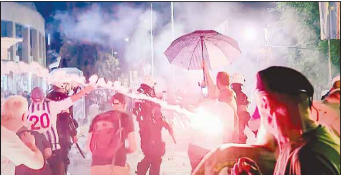
An image taken from video shows fireworks flying as clashes erupted at protests in Vrbas, Serbia on Aug 12, between opponents and supporters of the government in an escalation of tensions following more than nine months of persistent demonstrations against populist President Aleksandar Vucic.
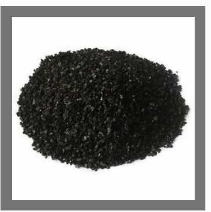
Carbon Steam Coal
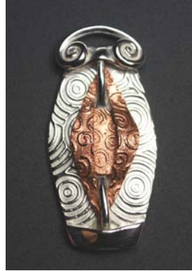
Art Clay Copper and Silver Pendant by Carol Babineau
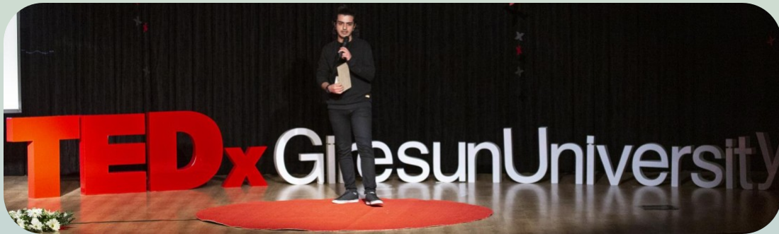
Theme: "Bildiğinden Fazlası" (More Than You Know), October, 2021
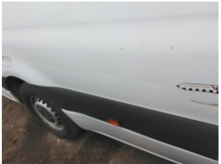
48: Qtr Panel osr Dented Over 30mm
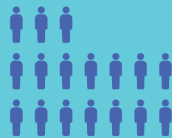
Risk Management & Insurance (17)
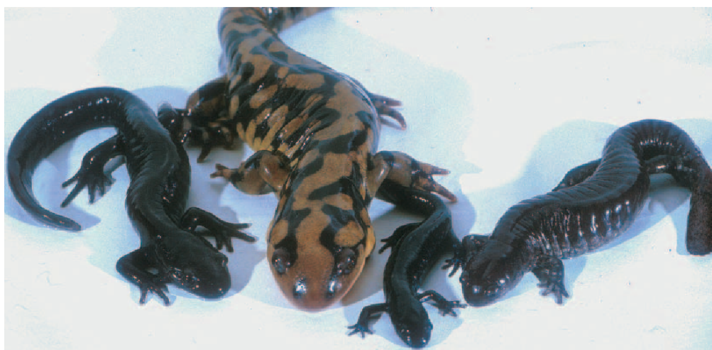
Figure 1. Four Ambystoma species male salamanders

The Ambystoma laterale-jeffersonianum complex of New England features a combination of sexual and unisexual salamanders, whose unisexual population relies on the sexual population for both sexual and asexual reproduction. Through sexual reproduction, unisexual and sexual gene pools interact, generating hybrid offspring ranging in ploidy from haploid to pentaploid. Though these hybrids can mature into viable, phenotypically normal adults, the vast majority die during early embryogenesis, around the time of the first cleavage event. The cause of this mortality is currently unknown. Here, I will discuss embryonic development of different animals, possible genetic or environmental explanations for Ambystoma hybrid embryo mortality, and steps that may be taken to investigate this phenomenon in the future.
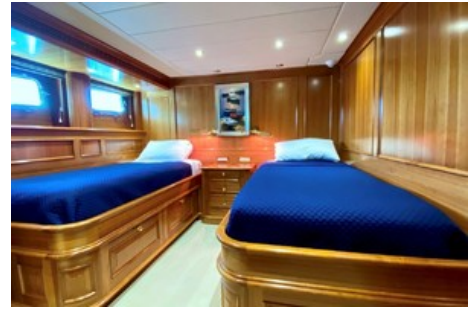
Twin Guest Stateroom
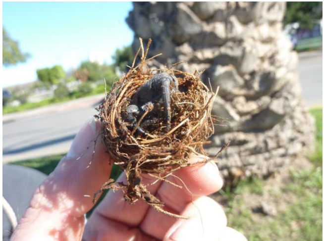
Figure 4. R. palmarum adult emerging from a pupal cocoon.
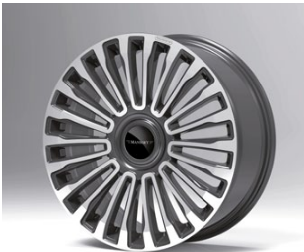
Multispoke 19 inch Diamond anthracite
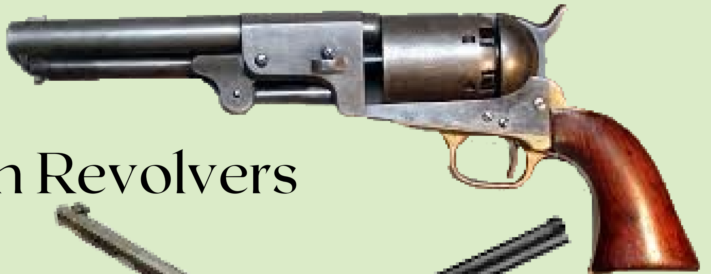
Colt Dragoon Revolvers
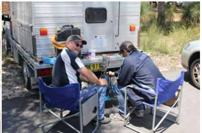
Reloading on the spot

During discussions with the Internationals, we found their training routines and practices were also unique to the weather conditions in northern countries, with up to 4 months of the year when shooting outside is impossible due to the cold and snow. During this time, they spent in preparation of the pistols and loading the 25,000- 30,000 rounds they will shoot in the warmer months. A group of shooters from Sweden decided to purchase some projectiles from Germany as local prices were too dear, and they ordered 4.5 tonne at 65 Ore each. (There are 100 Ore to the Krona, and 1 Krona at the time of writing this article equalled A$0.18).
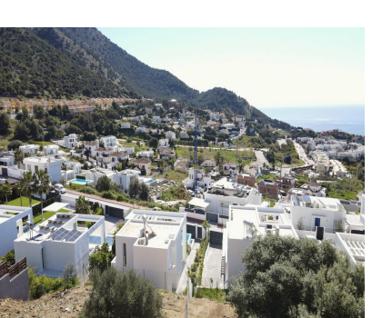
Ref.-ID: R5002621 Mijas Участок

- Your assignment: What belongs in the answer is each line of the listing that contains the word "Figure".

- Solved exercise:
Figure 1. Four Ambystoma species male salamanders
Figure 4. R. palmarum adult emerging from a pupal cocoon.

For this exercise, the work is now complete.